From: Andrew Morton <akpm@linux-foundation.org>
To: James Custer <jcuster@sgi.com>
Cc: x86@kernel.org, linux-kernel@vger.kernel.org, tglx@linutronix.de,
mingo@redhat.com, hpa@zytor.com,
David Rientjes <rientjes@google.com>
Subject: Re: [PATCH] x86: Allow 1GB pages to be SPECIAL similar to 2MB
Date: Tue, 25 Nov 2014 13:23:04 -0800 [thread overview]

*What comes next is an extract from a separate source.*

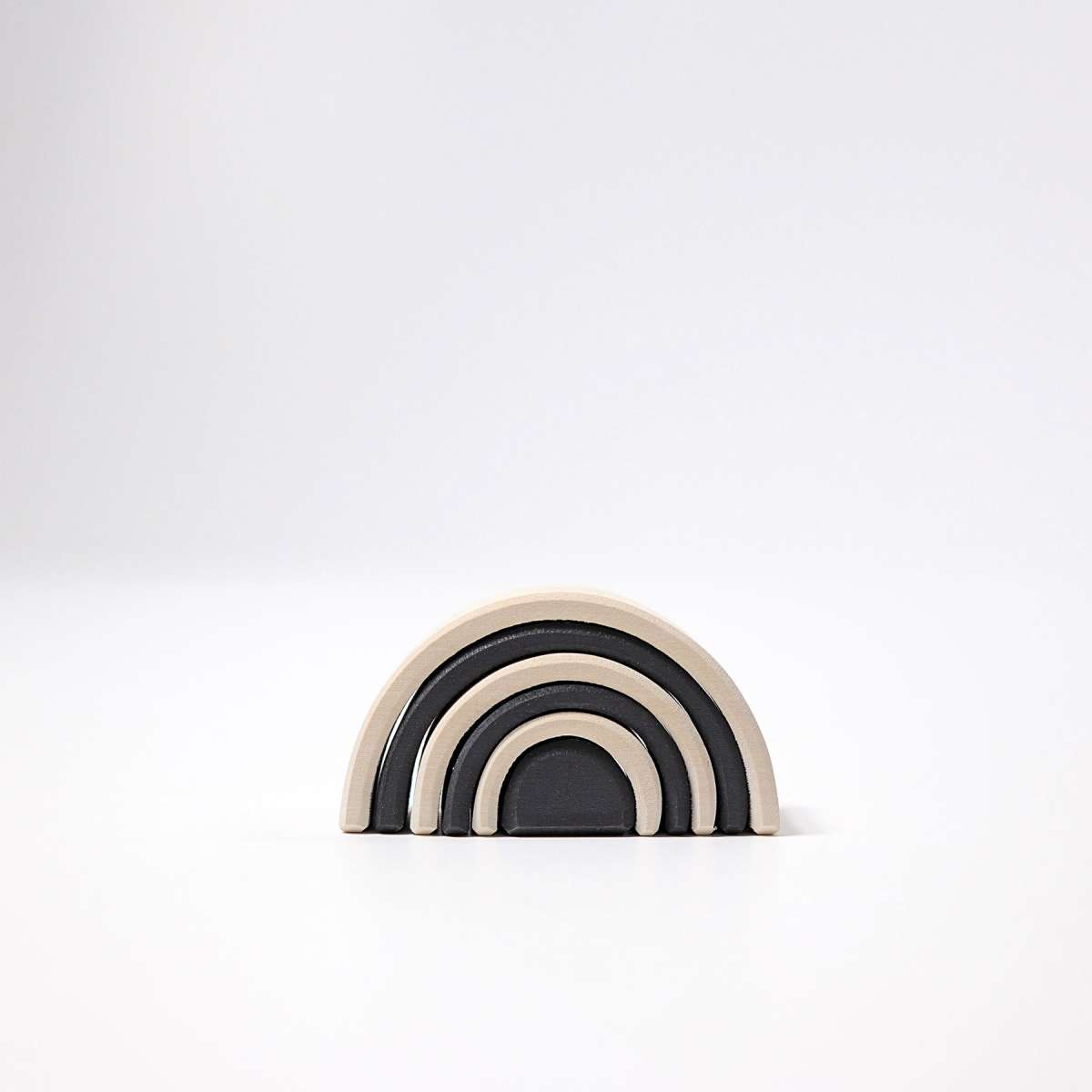 Le Petit Arc-en-ciel Monochrome de Grimm's est un jouet en bois de 6 pièces en noir et blanc, idéal pour stimuler la créativité des enfants dès 3 ans.
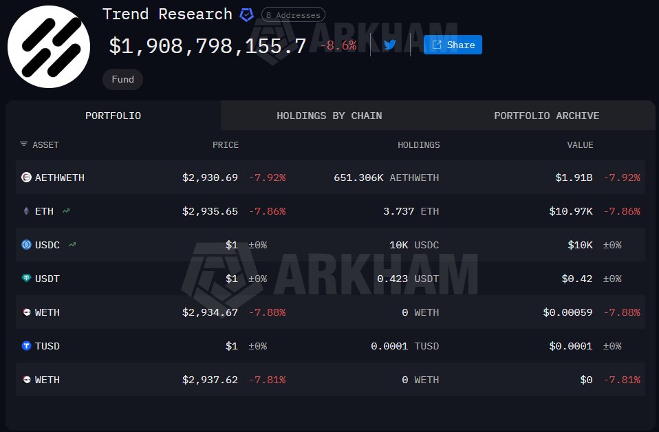 - 鲸鱼"0xFB7"进一步从#WinterMute购买了20,000 $ETH,价值5613万美元,现在持有100,130 $ETH,价值2.8379亿美元。

Message-ID: <20141125132304.ee475f4ea432a2e52ed4f8b5@linux-foundation.org> (raw)
In-Reply-To: <1411656024-33114-1-git-send-email-jcuster@sgi.com>
On Thu, 25 Sep 2014 09:40:24 -0500 James Custer <jcuster@sgi.com> wrote:
> Superpages allocated by SGI's superpages module can be backed by 1GB pages,
> but direct i/o cannot be used. The superpages module uses _PAGE_BIT_SPECIAL
> to disable direct i/o because some code depends on the memory being backed
> by page structures. But, because superpages have no backing page structures
> this causes a panic.
>
> This is the way direct i/o on 1GB pages fails:
>
> BUG: unable to handle kernel paging request at ffffea0038000000
> [60463.203795] IP: [<ffffffff8103c93a>] gup_huge_pud+0x9a/0xe0
> [60463.210058] PGD 83ffd3067 PUD 83ffd2067 PMD 0
> [60463.215052] Oops: 0000 [#1] SMP
>
> Stack traceback for pid 77136
> 0xffff8867a88ae300 77136 74825 1 56 R 0xffff8867a88ae970 *readdirectsp
> [<ffffffff8103c93a>] gup_huge_pud+0x9a/0xe0
> [<ffffffff8103cc33>] gup_pud_range+0x173/0x1b0
> [<ffffffff8103cd57>] get_user_pages_fast+0xe7/0x1b0
> [<ffffffff8118eac3>] dio_get_page+0x83/0x150
> [<ffffffff8118f641>] do_direct_IO+0x81/0x420
> [<ffffffff8118fb89>] direct_io_worker+0x1a9/0x340
> [<ffffffffa00c5de8>] ext3_direct_IO+0xe8/0x2c0 [ext3]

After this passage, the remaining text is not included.